Northampton General Hospital cares greatly about its students and its staff experience – because it knows the impact that has on patients. And that’s why it won a Student Nursing Times Award for placement
“I believe we have to provide students with a first class customer experience, because when students start paying for their course fees in 2017, we need to deliver a great service to and for them,” says Gillian Ashworth, clinical placement facilitator at Northampton General Hospital.
The trust is already doing an impressive job with students, having been shortlisted as a national finalist for the Student Nursing Times Awards for placement of the year and Partnership of the Year with the Open University earlier this year.
Ms Ashworth’s opinion has credibility. She has has been at the trust for almost six years and is a huge supporter of Northampton General – and not just because it is conveniently an hour from London, Birmingham and Cambridge.
She says: ”When I came for my interview, I was impressed by how friendly and approachable everyone was, and I got a distinct sense of leadership and professionalism from my immediate manager and that was echoed through the team. That team effort helps with general resilience – when things come along that you don’t expect. I think it’s because you have the sense of everyone pulling together.”
The trust has launched specific recruitment guidelines focusing on student nurses, so students about to qualify get their first choice of where they want to work without undergoing an interview.
”Nurses will go to acute medicine if they want, rather than being placed where there is a vacancy. Ward sisters undertake the recruiting so they acquire the right skill mix for their wards,” she says.
”Daisy badges” are given to nurses after they undertake a substantive role at the trust, along with white epaulettes on their uniform to engender a sense of belonging, says Ms Ashworth. She adds: ”It also indicates that these nurses are newly qualified and so reminds staff of this.”
The care for newly qualified nurses is outstanding.
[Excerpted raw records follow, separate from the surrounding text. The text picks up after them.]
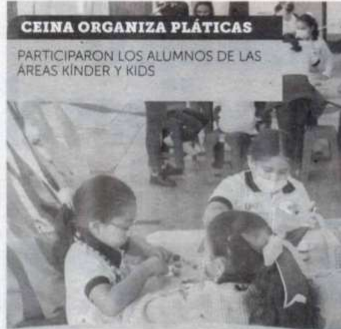
CEINA ORGANIZA PLÁTICAS

De esta manera, la UAT cumple con el objetivo de ofrecer una educación integral que propicie en el alumno el óptimo desarrollo de sus habilidades, capacidades y actitudes que favorezcan su desenvolvimiento.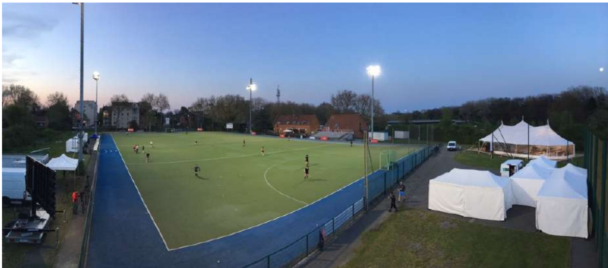
Coupe d'Europe féminine 2019

NB. l'éclairage halogène très consommateur d'énergie a fait l'objet d'un changement en 2018 entièrement financé par le club afin de maintenir le niveau international de l'installation.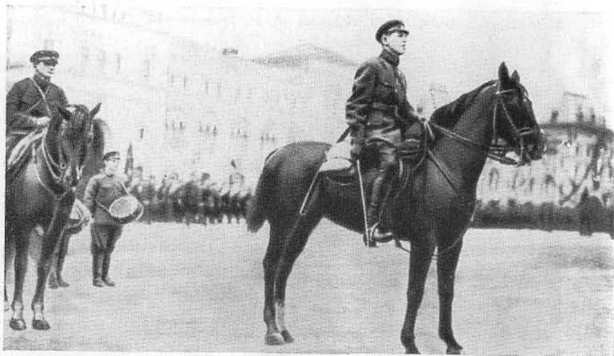
Командующий войсками Московского военного округа на военном параде. Москва, май 1928 г.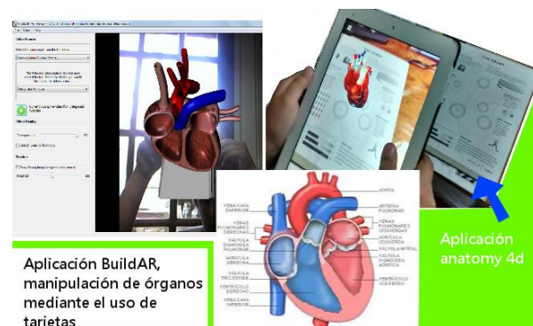
Figura 2. Funcionamiento del corazón: imagen 2D versus recursos RA

La figura 2 muestra las interfaces de las aplicaciones BuildAR y Anatomy donde se observa el trabajo con el corazón. En la primera el alumno al girar la tarjeta puede ver la parte interna y externa del corazón. En la segunda, puede visualizar la parte externa e interna, en detalle cada una de las venas, el flujo sanguíneo, ver los movimientos del corazón y escuchar los latidos, entre otras posibilidades.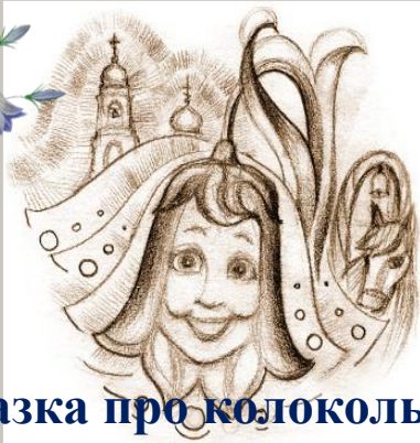
сказка про колокольчик

The trust makes sure they are supernumerary when they commence their six-month preceptorship.
”We have done a lot of work to make the hospital welcoming to students and new staff,” says Ms Ashworth. ”We receive a lot of feedback from students who say for example it’s a happy and welcoming ward and that’s probably the initiation of the 15 steps, in addition to the hard work that has been done to make the wards welcoming.
The trust works with the Open University and the University of Northampton, and Ms Ashworth goes through the application process and interviews prospective students alongside other professionals in the trust.
The trust is implementing a new model of placing students called Placement Learning at Northampton (PL@N) and is half way through the pilot of that on one surgical and one medical ward.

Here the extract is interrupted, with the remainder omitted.